### Exercise requirements:
The expected answer is the full listing, repeated exactly and free of images.
::::::::::
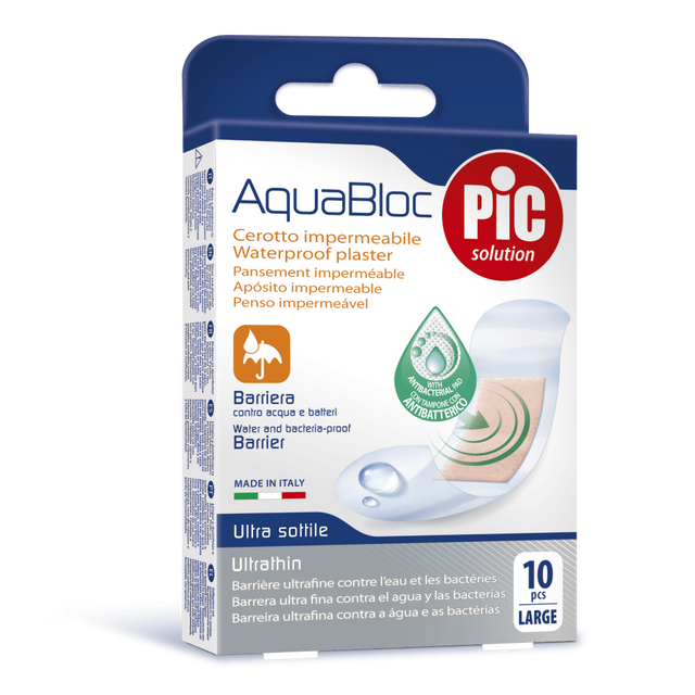 - Cutie cu 10 plasturi Aquabloc, dimensiuni 25 x 72 mm
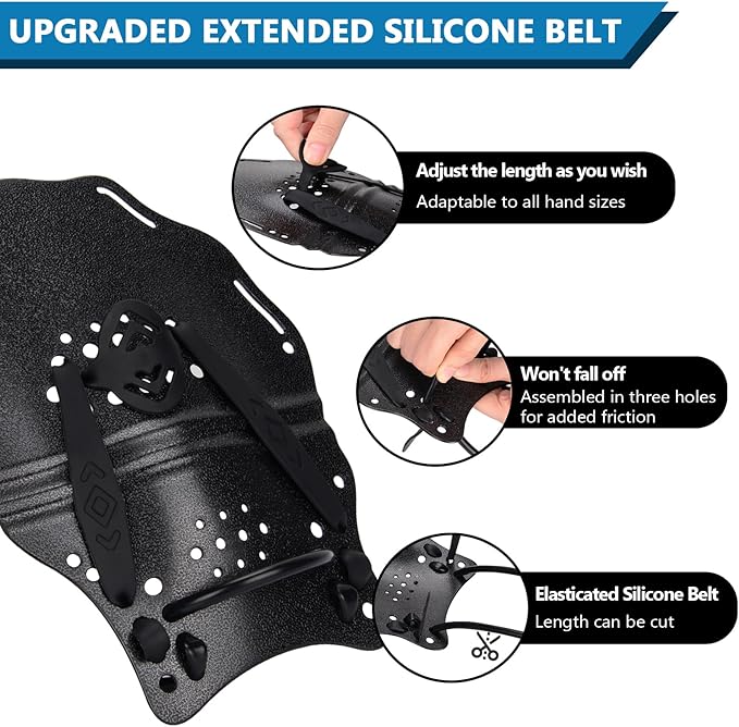 - [OPTIMISED AND IMPROVED] The updated design of the swim paddle hand have been lengthened and we are giving away 2 pairs of long and short wrist straps for you to choose from, eliminating the problem of the wrist straps falling off during swimming and greatly increasing the resistance of swimming.
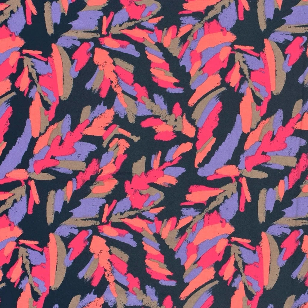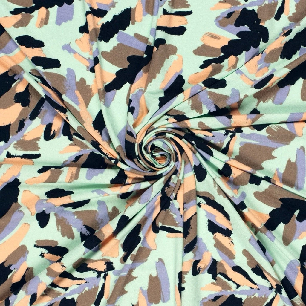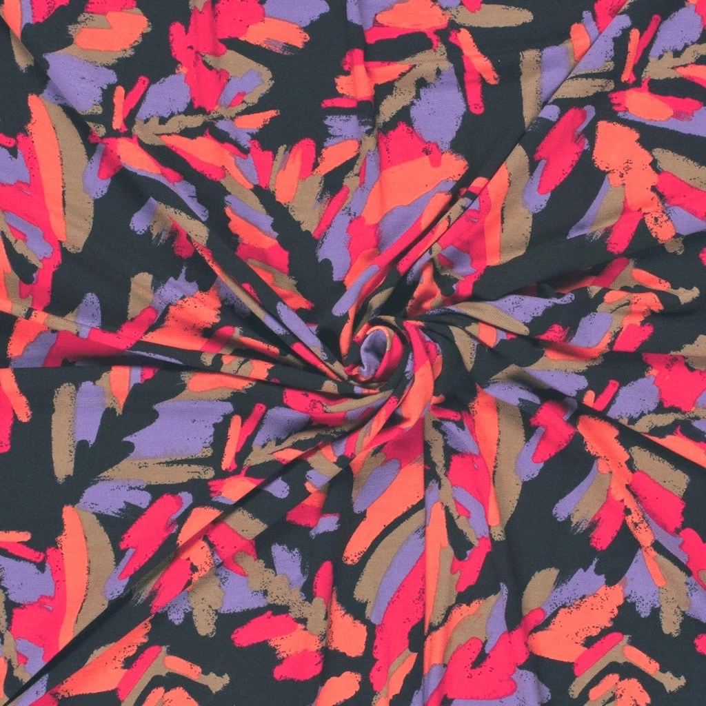 A lightweight viscose jersey fabric featuring an abstract design. This lightweight and breathable fabric features a gorgeous drape. Suitable for pyjamas, tops, leggings and many more dressmaking projects. Available in 3 colours.
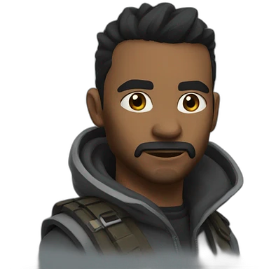developer behind his laptop with this style : Riot Games Valorant dark red glowing bright blue character blue black hooded assassin themed character emoji
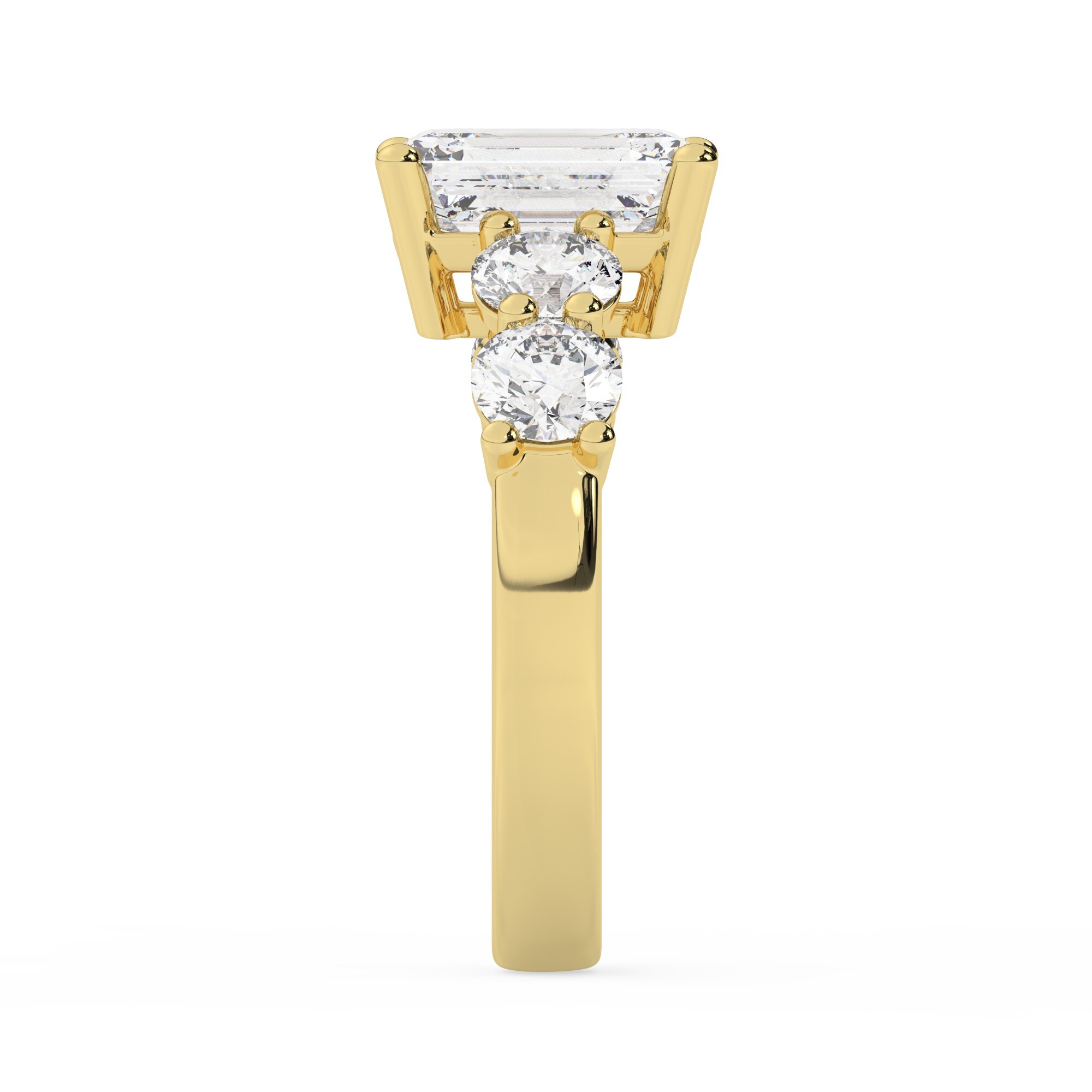 טבעת אירוסין סוליטר ומוסונייט בצדדים דגם 50030 זהב צהוב 14 קראט במרכז אבן מעבדה מוסונייט 2.50 קראט בחיתוך אמרלד עם תעודה גמולוגית בינלאומית GRA מסביב ובצדדים אבני מעבדה מוסונייט במשקל כולל של 1.08 קראט בחיתוך עגול
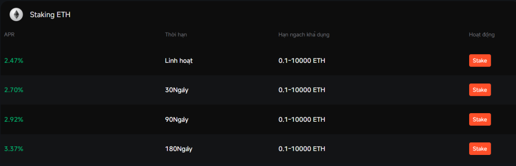 - Cách 3. Staking ETH hưởng lãi lên tới 3.37% trong 180 ngày. Dành cho những khách hàng đã xác thực KYC cấp độ 2. > Xem thêm<<
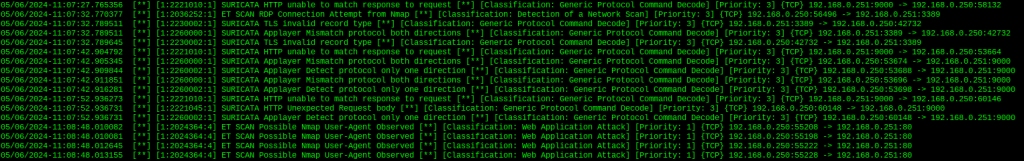 Now that we have our testing environment set up, we can finally start throwing some basic nmap scans against it. With our simple Suricata rule we created in local.rules, the alert will only show if a connection is made, and nothing else. I’ll demo more advanced rules afterwards:
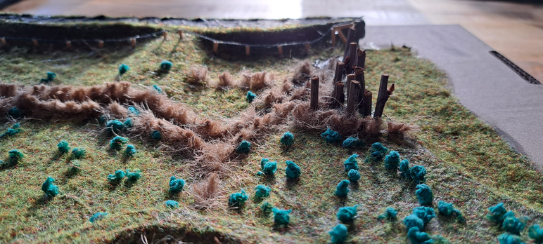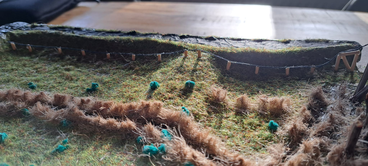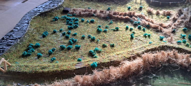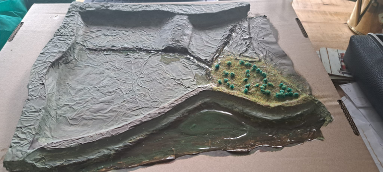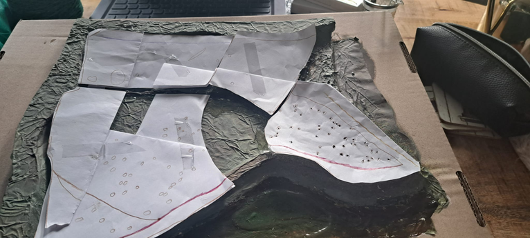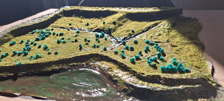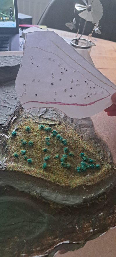 Visualisatie: Voor het embedded onderzoek ben ik +/- 4uur in het gebied geweest en heb ik mij geprobeerd te verplaatsen in het gebied. Om het gebied in een visualisatie meer te laten leven heb ik een maquette gemaakt. In de gebied heb ik gefocust op de meest opvallende aspecten in het gebied. De dijk, de nevengeul, de sloten, het riet, de meidoorns, het hek en het wilgenbos vlak bij de ingang.
::::::::::
### Written response:
 - Cutie cu 10 plasturi Aquabloc, dimensiuni 25 x 72 mm
 - [OPTIMISED AND IMPROVED] The updated design of the swim paddle hand have been lengthened and we are giving away 2 pairs of long and short wrist straps for you to choose from, eliminating the problem of the wrist straps falling off during swimming and greatly increasing the resistance of swimming.
 A lightweight viscose jersey fabric featuring an abstract design. This lightweight and breathable fabric features a gorgeous drape. Suitable for pyjamas, tops, leggings and many more dressmaking projects. Available in 3 colours.
developer behind his laptop with this style : Riot Games Valorant dark red glowing bright blue character blue black hooded assassin themed character emoji
 טבעת אירוסין סוליטר ומוסונייט בצדדים דגם 50030 זהב צהוב 14 קראט במרכז אבן מעבדה מוסונייט 2.50 קראט בחיתוך אמרלד עם תעודה גמולוגית בינלאומית GRA מסביב ובצדדים אבני מעבדה מוסונייט במשקל כולל של 1.08 קראט בחיתוך עגול
 - Cách 3. Staking ETH hưởng lãi lên tới 3.37% trong 180 ngày. Dành cho những khách hàng đã xác thực KYC cấp độ 2. > Xem thêm<<
 Now that we have our testing environment set up, we can finally start throwing some basic nmap scans against it. With our simple Suricata rule we created in local.rules, the alert will only show if a connection is made, and nothing else. I’ll demo more advanced rules afterwards:
 Visualisatie: Voor het embedded onderzoek ben ik +/- 4uur in het gebied geweest en heb ik mij geprobeerd te verplaatsen in het gebied. Om het gebied in een visualisatie meer te laten leven heb ik een maquette gemaakt. In de gebied heb ik gefocust op de meest opvallende aspecten in het gebied. De dijk, de nevengeul, de sloten, het riet, de meidoorns, het hek en het wilgenbos vlak bij de ingang.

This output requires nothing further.